The required answer is an exact copy of the lines from the one containing "This is the" to the end of the listing, both included, without any pictures.

###

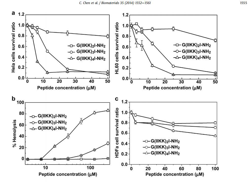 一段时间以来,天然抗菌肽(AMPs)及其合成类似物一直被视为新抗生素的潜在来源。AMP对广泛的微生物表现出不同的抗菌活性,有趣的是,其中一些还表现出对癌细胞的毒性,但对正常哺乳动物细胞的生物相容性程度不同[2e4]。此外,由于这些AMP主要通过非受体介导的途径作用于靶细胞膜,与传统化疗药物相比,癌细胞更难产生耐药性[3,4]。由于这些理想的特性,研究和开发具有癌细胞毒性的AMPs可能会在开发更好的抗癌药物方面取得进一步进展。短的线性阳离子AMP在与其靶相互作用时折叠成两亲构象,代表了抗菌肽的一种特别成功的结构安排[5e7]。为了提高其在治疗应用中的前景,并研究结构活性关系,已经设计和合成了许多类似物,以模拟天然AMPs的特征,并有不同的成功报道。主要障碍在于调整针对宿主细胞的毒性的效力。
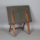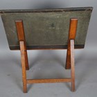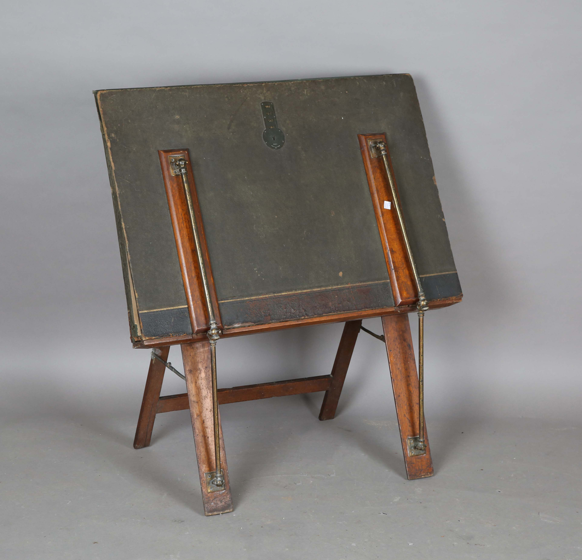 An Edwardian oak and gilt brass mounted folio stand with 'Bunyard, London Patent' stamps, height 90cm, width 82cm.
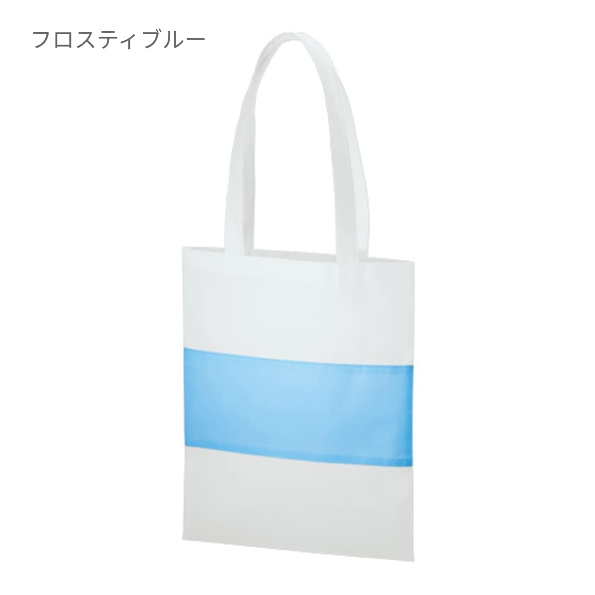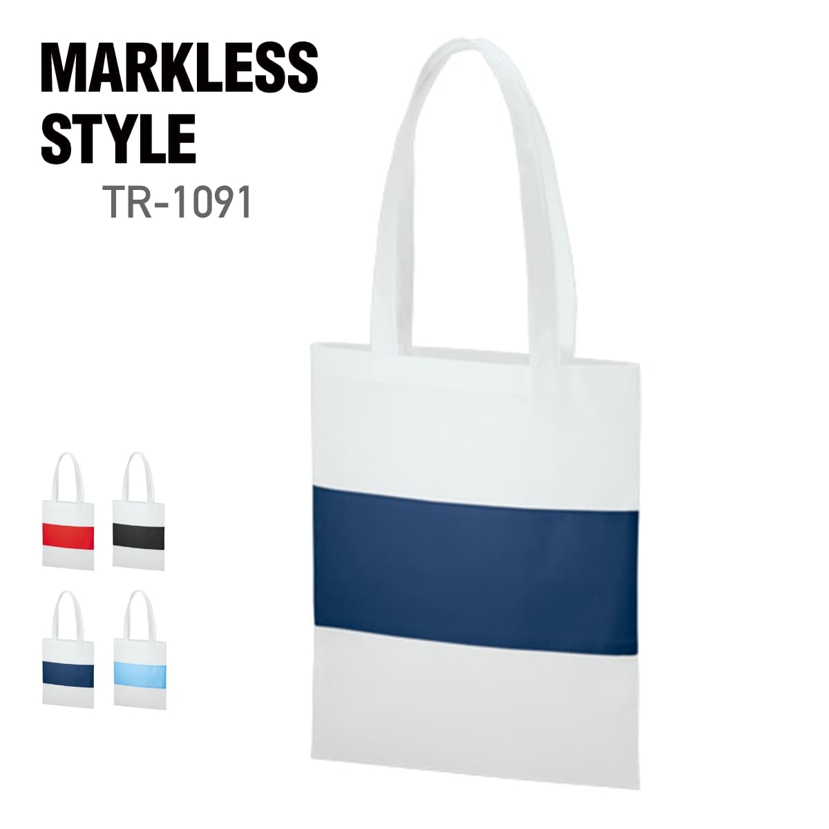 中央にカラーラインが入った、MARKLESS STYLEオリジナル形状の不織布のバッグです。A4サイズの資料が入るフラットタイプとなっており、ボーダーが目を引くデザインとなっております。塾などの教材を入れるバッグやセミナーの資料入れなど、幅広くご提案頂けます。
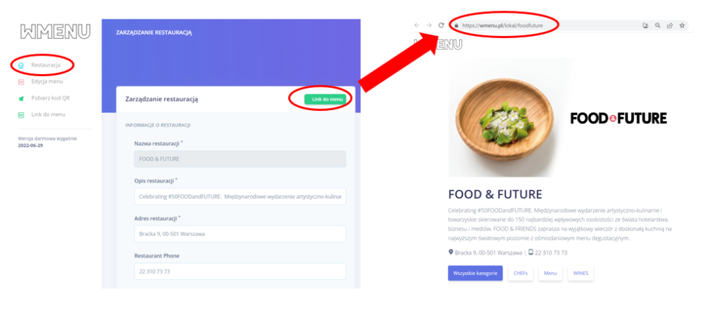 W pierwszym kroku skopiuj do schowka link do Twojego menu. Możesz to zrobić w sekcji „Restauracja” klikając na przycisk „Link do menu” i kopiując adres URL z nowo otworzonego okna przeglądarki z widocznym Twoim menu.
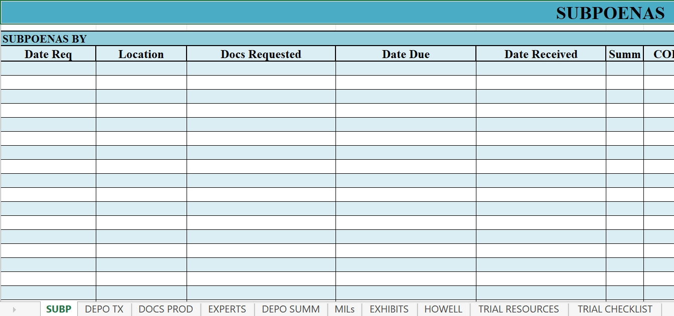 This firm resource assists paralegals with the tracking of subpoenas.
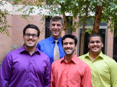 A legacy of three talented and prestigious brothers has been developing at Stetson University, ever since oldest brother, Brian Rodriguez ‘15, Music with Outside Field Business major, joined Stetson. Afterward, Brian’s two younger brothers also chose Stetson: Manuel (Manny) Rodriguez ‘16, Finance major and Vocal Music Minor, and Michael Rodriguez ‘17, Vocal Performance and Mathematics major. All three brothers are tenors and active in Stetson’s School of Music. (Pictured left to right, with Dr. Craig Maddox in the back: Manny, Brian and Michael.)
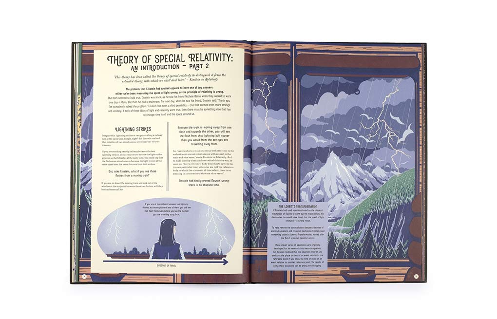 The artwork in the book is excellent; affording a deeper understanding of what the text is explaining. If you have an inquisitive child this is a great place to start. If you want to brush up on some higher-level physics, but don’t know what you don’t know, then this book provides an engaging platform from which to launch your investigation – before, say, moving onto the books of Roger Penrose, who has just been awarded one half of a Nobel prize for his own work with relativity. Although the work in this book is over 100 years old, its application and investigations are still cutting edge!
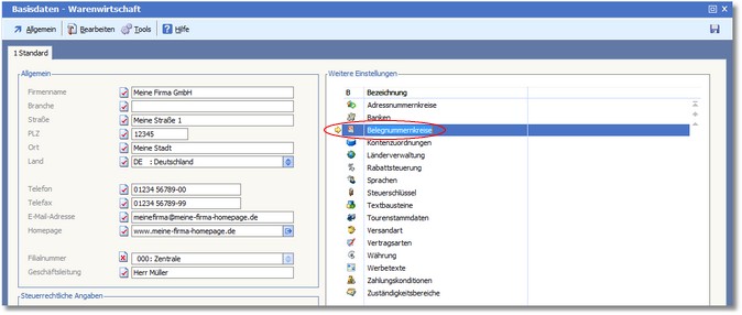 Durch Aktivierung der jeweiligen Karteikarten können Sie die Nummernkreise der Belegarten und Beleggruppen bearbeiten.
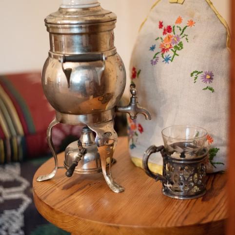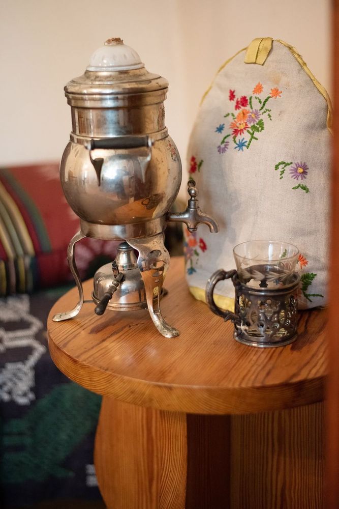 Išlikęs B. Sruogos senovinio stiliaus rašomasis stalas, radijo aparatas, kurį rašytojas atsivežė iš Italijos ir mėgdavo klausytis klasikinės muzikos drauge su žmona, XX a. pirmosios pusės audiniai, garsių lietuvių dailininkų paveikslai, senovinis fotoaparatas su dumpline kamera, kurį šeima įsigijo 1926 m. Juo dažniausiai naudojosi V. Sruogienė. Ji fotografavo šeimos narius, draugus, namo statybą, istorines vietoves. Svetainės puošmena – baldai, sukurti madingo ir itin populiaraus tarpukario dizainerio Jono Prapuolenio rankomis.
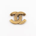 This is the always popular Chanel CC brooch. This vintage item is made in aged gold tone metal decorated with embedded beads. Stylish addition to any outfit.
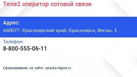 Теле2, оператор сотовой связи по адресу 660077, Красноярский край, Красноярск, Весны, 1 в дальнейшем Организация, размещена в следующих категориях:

###

• **Solution to this task**:
 This is the always popular Chanel CC brooch. This vintage item is made in aged gold tone metal decorated with embedded beads. Stylish addition to any outfit.
 Теле2, оператор сотовой связи по адресу 660077, Красноярский край, Красноярск, Весны, 1 в дальнейшем Организация, размещена в следующих категориях:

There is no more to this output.